◆ ENTRIES PROVIDED:
--- START ---

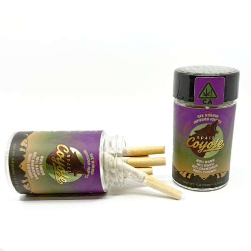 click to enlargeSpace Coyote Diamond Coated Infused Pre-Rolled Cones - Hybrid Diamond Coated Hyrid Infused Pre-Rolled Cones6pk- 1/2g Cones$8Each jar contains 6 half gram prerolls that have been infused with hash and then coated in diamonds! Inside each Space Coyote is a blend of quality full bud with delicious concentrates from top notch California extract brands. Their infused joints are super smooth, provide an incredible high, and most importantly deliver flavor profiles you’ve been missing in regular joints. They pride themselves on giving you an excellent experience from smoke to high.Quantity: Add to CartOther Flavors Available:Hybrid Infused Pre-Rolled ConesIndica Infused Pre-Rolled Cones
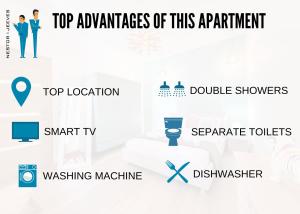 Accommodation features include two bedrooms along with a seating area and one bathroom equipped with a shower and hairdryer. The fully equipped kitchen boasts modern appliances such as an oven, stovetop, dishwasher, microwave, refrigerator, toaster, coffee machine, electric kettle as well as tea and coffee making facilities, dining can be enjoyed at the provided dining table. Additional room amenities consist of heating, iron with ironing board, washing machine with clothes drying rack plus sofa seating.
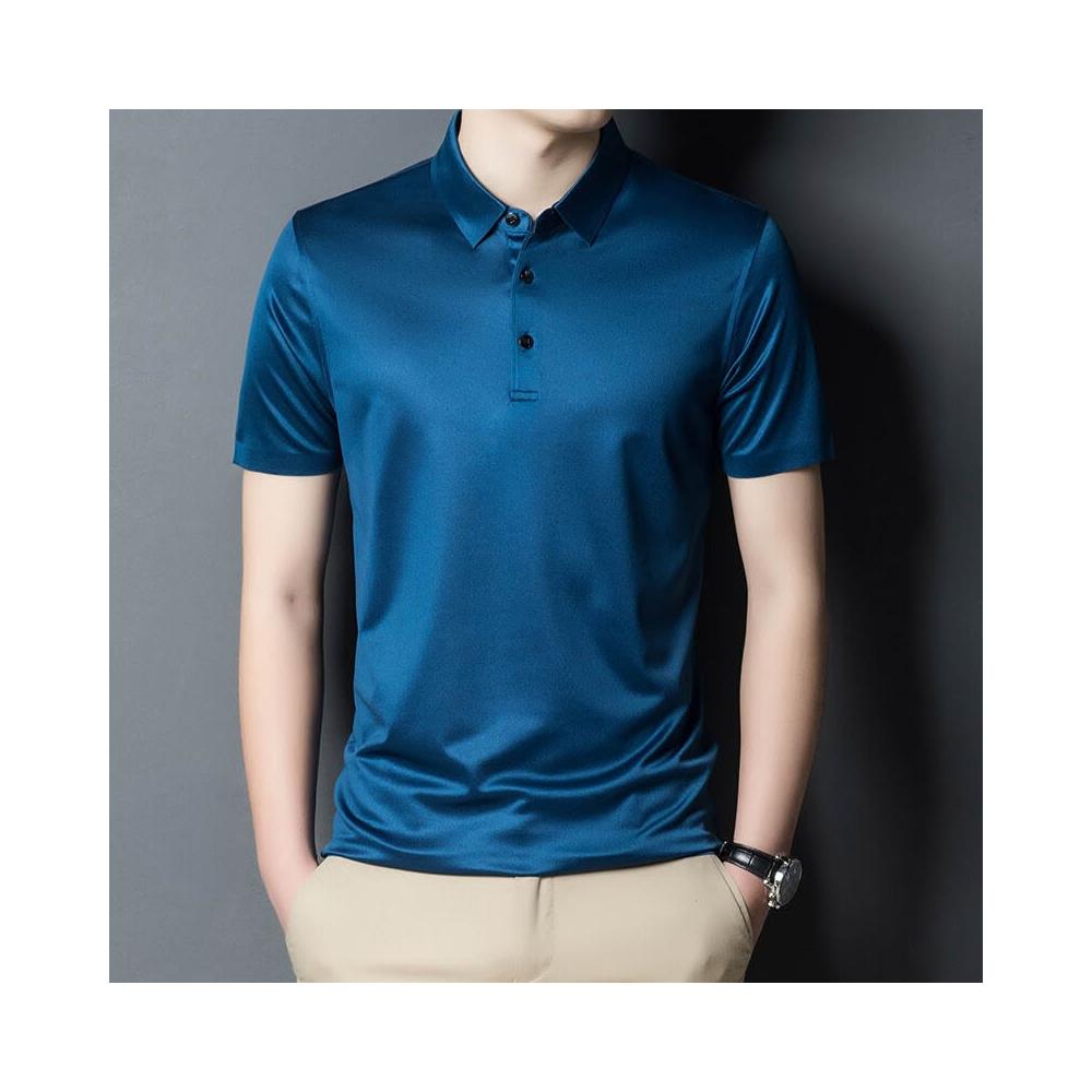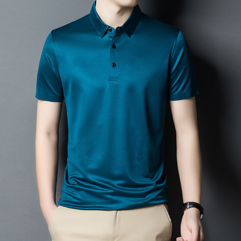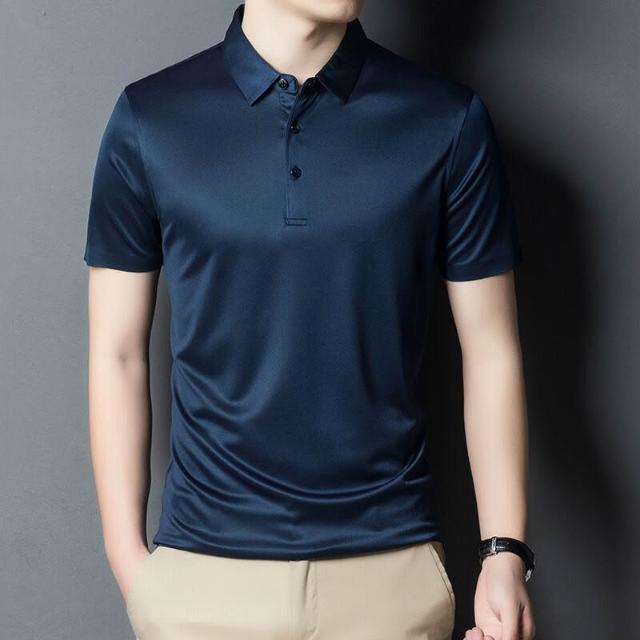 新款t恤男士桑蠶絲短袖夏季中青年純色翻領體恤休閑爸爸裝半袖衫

--- END ---
--- START ---

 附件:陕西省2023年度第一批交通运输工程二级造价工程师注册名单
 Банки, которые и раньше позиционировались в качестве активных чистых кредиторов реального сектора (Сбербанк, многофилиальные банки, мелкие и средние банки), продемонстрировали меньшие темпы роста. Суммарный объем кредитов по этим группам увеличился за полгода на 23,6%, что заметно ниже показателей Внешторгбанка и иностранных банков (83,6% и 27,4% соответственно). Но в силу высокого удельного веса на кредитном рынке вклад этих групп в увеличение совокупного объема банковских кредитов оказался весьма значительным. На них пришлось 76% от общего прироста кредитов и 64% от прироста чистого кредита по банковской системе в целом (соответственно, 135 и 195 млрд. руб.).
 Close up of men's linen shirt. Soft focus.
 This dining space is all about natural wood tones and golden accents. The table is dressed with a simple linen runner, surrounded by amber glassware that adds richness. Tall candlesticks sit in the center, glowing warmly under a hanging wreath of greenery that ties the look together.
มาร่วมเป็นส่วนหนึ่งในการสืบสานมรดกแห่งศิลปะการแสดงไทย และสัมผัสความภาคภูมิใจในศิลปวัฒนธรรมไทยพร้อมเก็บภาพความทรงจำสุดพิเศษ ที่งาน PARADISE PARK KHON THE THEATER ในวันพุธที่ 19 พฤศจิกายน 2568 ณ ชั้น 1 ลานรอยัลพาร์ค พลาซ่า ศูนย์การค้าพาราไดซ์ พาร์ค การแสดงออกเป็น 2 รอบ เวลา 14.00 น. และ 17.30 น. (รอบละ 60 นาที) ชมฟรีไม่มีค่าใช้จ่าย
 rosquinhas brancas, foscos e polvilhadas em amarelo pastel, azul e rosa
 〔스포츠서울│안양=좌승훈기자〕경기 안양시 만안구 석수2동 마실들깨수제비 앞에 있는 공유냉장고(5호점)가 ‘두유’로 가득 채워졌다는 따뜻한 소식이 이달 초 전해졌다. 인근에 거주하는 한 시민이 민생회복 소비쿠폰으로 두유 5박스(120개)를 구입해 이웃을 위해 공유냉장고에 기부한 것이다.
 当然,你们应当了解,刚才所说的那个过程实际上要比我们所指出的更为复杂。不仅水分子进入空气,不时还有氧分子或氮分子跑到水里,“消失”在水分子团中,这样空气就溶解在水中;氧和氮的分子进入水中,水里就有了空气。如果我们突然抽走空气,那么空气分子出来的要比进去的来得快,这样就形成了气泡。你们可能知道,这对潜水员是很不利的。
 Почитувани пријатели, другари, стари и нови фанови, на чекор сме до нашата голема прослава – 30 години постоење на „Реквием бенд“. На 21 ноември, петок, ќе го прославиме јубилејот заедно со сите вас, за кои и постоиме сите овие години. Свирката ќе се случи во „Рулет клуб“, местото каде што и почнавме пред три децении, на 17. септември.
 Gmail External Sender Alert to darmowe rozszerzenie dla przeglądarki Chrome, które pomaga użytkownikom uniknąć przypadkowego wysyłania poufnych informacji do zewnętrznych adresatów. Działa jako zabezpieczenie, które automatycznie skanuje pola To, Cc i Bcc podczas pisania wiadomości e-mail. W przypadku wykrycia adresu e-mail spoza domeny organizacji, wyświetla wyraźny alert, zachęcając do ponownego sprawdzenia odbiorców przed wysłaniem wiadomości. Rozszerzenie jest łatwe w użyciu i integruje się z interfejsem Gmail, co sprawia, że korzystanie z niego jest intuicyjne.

--- END ---
--- START ---

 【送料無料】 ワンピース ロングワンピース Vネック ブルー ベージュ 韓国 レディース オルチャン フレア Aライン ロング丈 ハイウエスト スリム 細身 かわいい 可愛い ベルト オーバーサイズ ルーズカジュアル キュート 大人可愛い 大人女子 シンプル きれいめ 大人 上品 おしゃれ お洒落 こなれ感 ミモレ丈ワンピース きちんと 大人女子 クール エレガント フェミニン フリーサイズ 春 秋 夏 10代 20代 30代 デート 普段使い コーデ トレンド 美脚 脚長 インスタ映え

--- END ---

◆ WHAT YOU WILL DO: The answer must be every line from the records above that contains "linen".

◆ ANSWER TO THIS PROBLEM:
 Close up of men's linen shirt. Soft focus.
 This dining space is all about natural wood tones and golden accents. The table is dressed with a simple linen runner, surrounded by amber glassware that adds richness. Tall candlesticks sit in the center, glowing warmly under a hanging wreath of greenery that ties the look together.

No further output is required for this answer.